Multivariate Statistical Analysis - Olive Oil Dataset

Table of contents

1. Dataset Introduction

2. Related tasks

3. Answer Analysis

first question

second question

third question

fourth question

4. Complete answer


1. Dataset Introduction

Olive oil dataset consisting of 11 variables obtained from a set of sensors on 5 attributes and 6 physicochemical quality parameters of 16 olive oils, the first 5 of which were produced in Greece, The middle 5 are from Italy and the last 6 are from Spain. The data set includes 5 variables Acidity, Peroxide, K232, K270, DK obtained by the sensor, and 6 physical and chemical property variables are yellow, green, brown, glossy, transp, syrup. (oliveoil.csv) The researchers compared a set of variables (Acidity, Peroxide, K232, K270, DK) obtained by sensors for olive oil with another set of physical and chemical properties (yellow, green, brown, glossy, transp, syrup).

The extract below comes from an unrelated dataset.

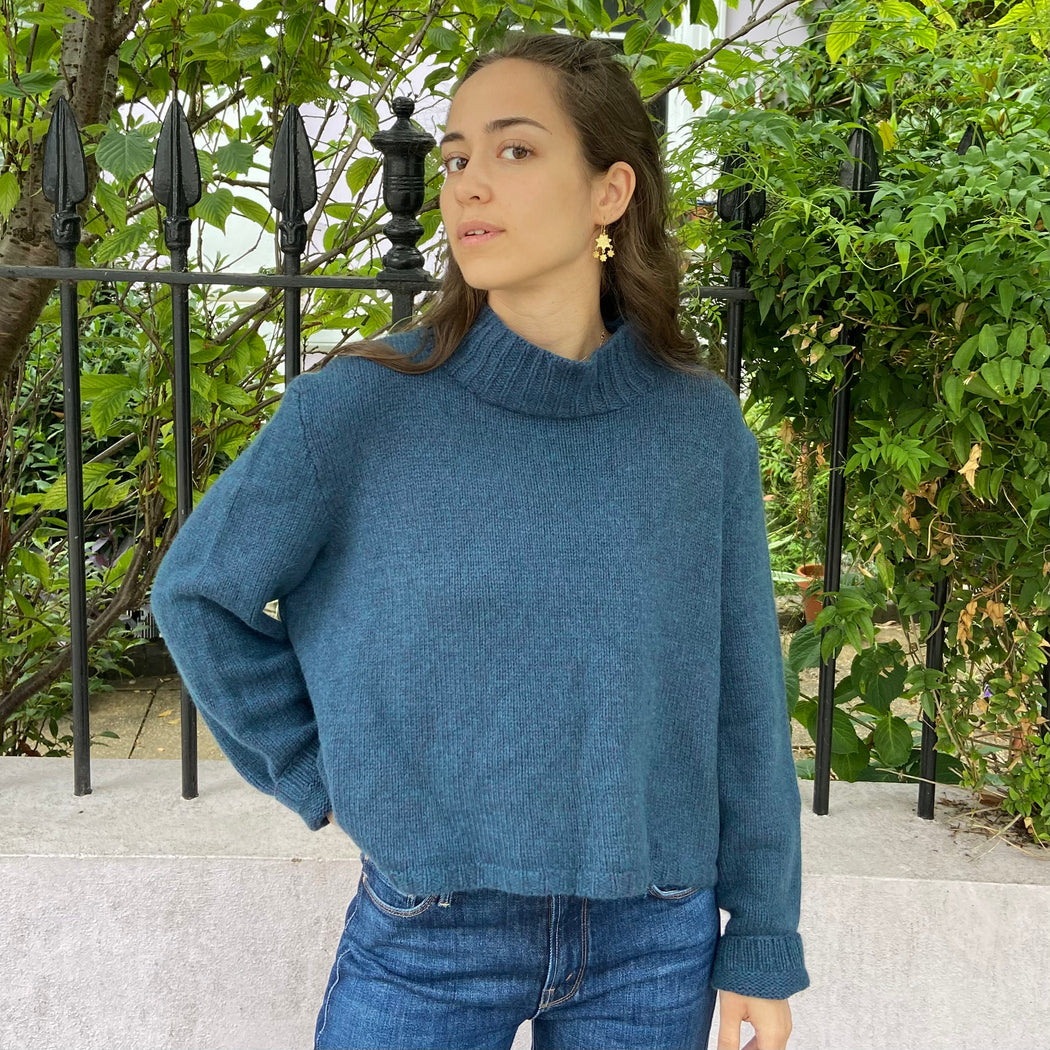 English Weather’s signature sweater. The Sloppy Jo burst into this world off a pair of knitting needles, somewhere in London, in the early 2000s. Now it has been reinvented in a crop fit with its classic neckline and overall.

How group variables are related is of interest.


2. Related tasks


(1) Calculate the covariance matrix (11×11 matrix) M_cov between these 11 variables: first use the numpy or pandas module to calculate the covariance matrix, and then call numpy.cov(m, y=None, rowvar=True, bias=False, ddof=None, fweights=None, aweights=None, *, dtype=None) function to calculate the covariance matrix and compare, and finally compare whether the two are the same?
(2) Calculate the correlation coefficient matrix (11×11 matrix) M_corr between all variables: use the following code to implement numpy.corrcoef(x, y=None, rowvar=True, bias=<no value>, ddof=<no value> , *, dtype=None), observe which variables in the two groups of variables may be correlated.
(3) Use canonical correlation analysis to calculate the canonical correlation coefficient between two groups of variables, and draw a two-dimensional line graph (gravel soil at the bottom of the cliff), where the abscissa is the number of canonical correlation coefficients, and the ordinate is the corresponding i-th A typical correlation coefficient. Judging from the gravel map at the bottom of the cliff, the first three eigenvalues ​​will drop rapidly after that, and it seems that the dimensionality reduction is not obvious.
(4) Calculate the correlation coefficient between each original variable and the canonical correlation variable, that is, the canonical correlation coefficient: According to the size of the correlation coefficient, find out which variables are correlated between the two groups of variables (that is, the correlation coefficient is greater than 0.7). Conclusion: A group of variables Peroxide, K232 and K270 obtained by the sensor are closely related to the brown variable
in the physicochemical properties of olive oil .

3. Answer Analysis

first question

The following is the Python code to calculate the covariance matrix, you can use pandas or numpy library:

import pandas as pd
import numpy as np

# 读取数据
df = pd.read_csv('oliveoil.csv')

# 计算协方差矩阵
cov_matrix = df.cov()

# 或者使用numpy库的cov函数
cov_matrix_np = np.cov(df.values.T)

# 比较两者是否一样
print(np.allclose(cov_matrix, cov_matrix_np))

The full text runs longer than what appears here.